I was especially feeling the effects of the medication I'm currently taking earlier this evening and missed out on the presidential debate, which I had really wanted to catch. Now I'm limited to the reviews. Fox News says it was an overwhelming victory for Trump. MSNBC says it was an equally overwhelming victory for Clinton. The rest seem to think it fell somewhere between the two extremes.
It's a really good thing that I have done nothing that would have exposed me to the possibility of becoming pregnant because were such not the case, I would be almost 98% certain I was pregnant and suffering from hyperemesis gravidarium. There are few advantages to practically living the life of a nun, but I suppose I'm now reaping the benefits.
My job still consists for the next couple of weeks of non-physical contact with patients for liability purposes. I can take vital stats while wearing gloves, but that is the more or less the extent of physical contact. I can't insert IVs, which is an area of strength for me, and makes it hard for me to watch when someone else is having trouble with a difficult vein, such as a child's or a vein belonging to a dehydrated adult. I'm confident in my skills, and I knew I could have nailed either the little girl's or the sick guy's IV in one attempt tonight , but I'm not permitted to do so right now.
I was relieved to hand the child off to her grandmother, who flew in from Nebraska as quickly as she could get here. The child was initially reluctant to be handed off, as she hadn't seen grandma in over a year, but grandma knew how to handle it, and the child was soon comfortable. We put together a gift basket with a stuffed animal, soft quilt, a few small toys, juice boxes, snack foods, books, and little games and activities. We offered the grandmother the option of admitting the child and putting a recliner for grandma in the child's room, or discharging the child and helping them to find a hotel room. The grandma thought they'd both be more comfortable in a hotel, and grandma seemed competent to manage the child's medications. Other relatives are to arrive later today. The parents will probably remain in the hospital into early- or mid-week of next week.
The grandmother assumed I was a nurse, and then was most apologetic when she learned that I was a medical school student. The lady had no idea how flattered I was that she had thought I was an actual medical professional of any kind and not some variation of a candy striper.
I'll be most relieved when this phase of my training is complete. It is incredibly difficult to stand by and watch something be done less well than I am capable of doing it. This probably sounds a bit overly self-assured perhaps to the point of conceitedness. I have weaknesses, both related to my future profession and otherwise. Likewise, have strengths related to the profession (and otherwise), and I'm aware of what they are. I know when to step up, and when to back off and allow someone else to handle something if someone else more qualified is available.
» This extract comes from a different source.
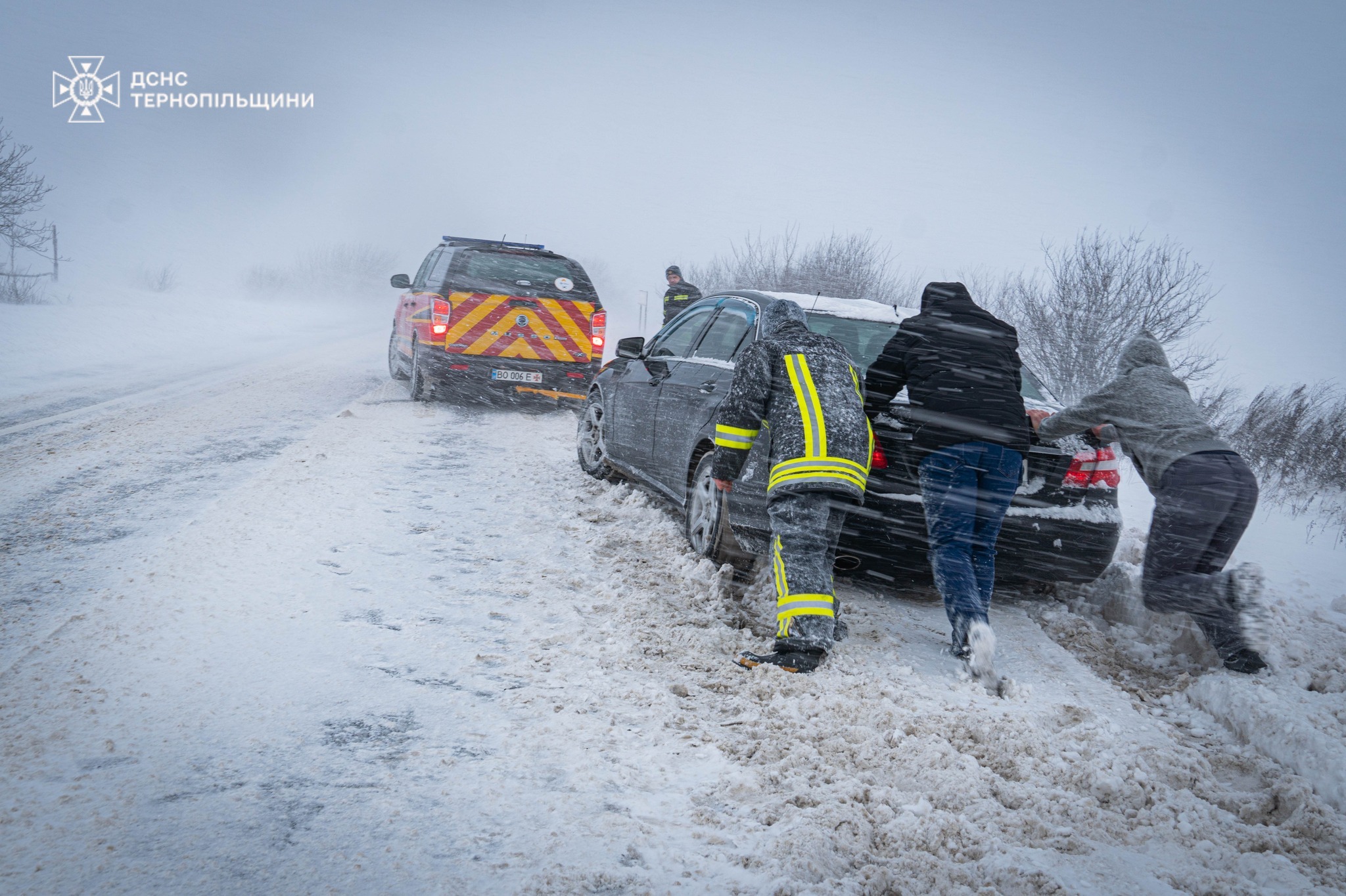 Із снігового замету витягнули легковий автомобіль, у якому перебували 5 осіб, серед них — дитина.

Unfortunately, even when I'm more qualified than is the next person now, I'm forced to step back. I am becoming quite the baby- and child-calmer, the interviewer of teens extraordinaire, the one who is called on to attempt to have rational conversations with individuals under the influence of God knows what, and the long-suffering person to listen to senior citizens when there's little else we can do for them. Perhaps all of these things are very necessary skills, and maybe I would never have perfected them to the degree that I now might without my current "situation." That's the positive spin I'm trying to put on my present limitations.
It appears that my barfless night is not to be, tonight anyway. The good news is that the dentist who was handling my orthodontic adjustments here, who lives maybe ninety minutes away, heard of my plight, and he used my most recent molds to make two sets of protective teeth-guards for me to wear while throwing up in order to minimized the erosion of enamel from my teeth. Sometimes all one can do is to count one's blessings, however small they may seem. Right now a teeth guard seems like as much of an inconvenience as a blessing, but the time will come when I am grateful for the preserved enamel on my teeth.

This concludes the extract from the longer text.